By now you must have heard of the internet phenomenon Susan Boyle. A woman in her late forties, she appeared on the reality TV show "Britain's got Talent" and floored everyone. Why? The woman was as homely as homely gets. No style, grey hair that looked like it was about to pounce on the nearest small rodent, and an admission that she had never been kissed allowing us to form the impression that another delusional nutcase was about to get immediately booed off the stage. The audience seemed poised to be racked with laughter, and the judges had their laughter at the ready. It was not to be, she knocked everyone off their high-horse. She sang like a slightly-out-of-tune angel. In fact I honestly prefer her rendition of the song "Cry me a River" (originally composed for Ella Fitzgerald), which currently resides on my computer and is on constant replay (next to all sorts of Korean shizz I'll cover sometime later).
As an overweight, downright homely (I hate to use the word ugly, it seems so harsh, LOL) person living in such an image conscious society, it must have been sincerely difficult to have such talent, and have it constantly overlooked because your outward appearance instantly puts to mind that you have nothing to offer. I get it. While beauty might not equal talent, not pretty is almost immediately equated with a lack of talent. Especially with women.
If you are intelligent, you often get the "ohhhhh, alright, I get it now" look, as if somehow intelligence and beauty are two separate sets in a Venn diagram that rarely, if ever overlap. Which to be honest is quite a stupid assumption.
It was a proverbial smack to the back of the head to the British (and the Americans who created this internet snowball); a reminder that in days of yore talent was supposed to be a good thing and shared with the world irrespective of the owner's looks. A lot of people connected with her story, felt a kinship with a woman who is representative of a good chunk of a global population.
I guess after years of "you'd be prettier if you did this, or that, wear contacts, get your teeth fixed, dress properly, lost weight, did you hair, wear makeup, wear high heels, skirts, tighter trousers, stop using big words, yadah, yadah, yadah" the list goes on and me saying "no, I wouldn't cos I'm not pretty", it is nice to identify with someone. Then again that someone is alone and lives with her cat.

Driving Ms Seoul Sista

So, I was driving (no, that isn't the punchline) in the Palms the other day turned a corner to get into a parking behind a mercedes SUV--you know, the ones that look like old school range rovers but cost a heck of a lot more money. He looked like he was trying to get into a space about 3 cars out and so I came to a full stop, giving him more than enough room to manouever and get his fancy car into the space. He starts backing up because, he is kind of a crap driver apparently and he could not swing out and swing in. He started getting too close, so I lean on the horn to give him a warning toot, and lo and behold, the dude backs into me. Might I remind you again, my car was at a complete stop.

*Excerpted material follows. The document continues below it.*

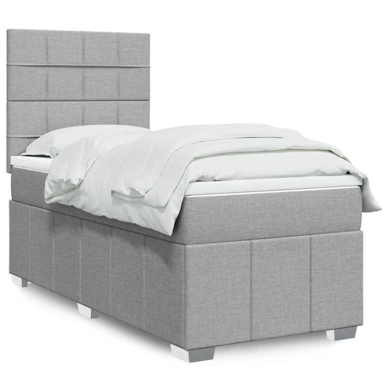Боксспринг легло с матрак, светлосива, 90x190 см, плат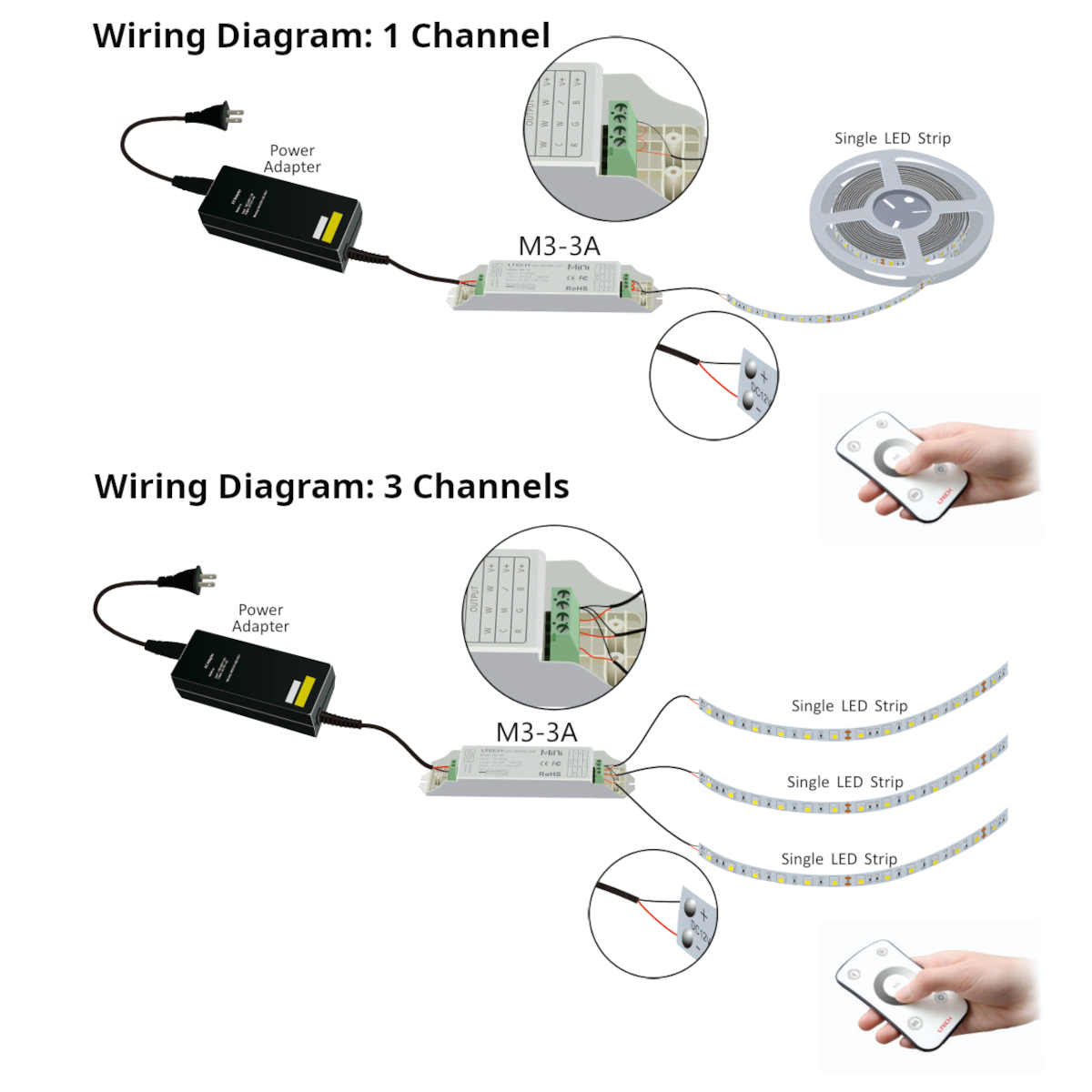 With a 3 x 3AÂ output channels, each channel is suitable for up to 36W of 12V strip or 72W of 24V strip, this controller suits most residential and light commercial LED strip applications. Its small size makes it easy to hide inside cabinetry, ceiling spaces, or behind panels.

Mr I-drive-a-fancy-car-so-I'm-right gets out the car and starts yelping, "look what you've done to my car! You are going to pay for it" in probably the fakest accent I've heard in a long while. In my head I was like "shoot, don't think you can scare me with your fake Jand accent, I can put on an American one with the best of them" and I get out yelling "You just backed into me! What the hell were you doing!" After a brief shouting match he parked his car, and I parked mine. For some odd reason I decided to check the hood (bonnet to you non-Americanese speakers) and saw that it was warped.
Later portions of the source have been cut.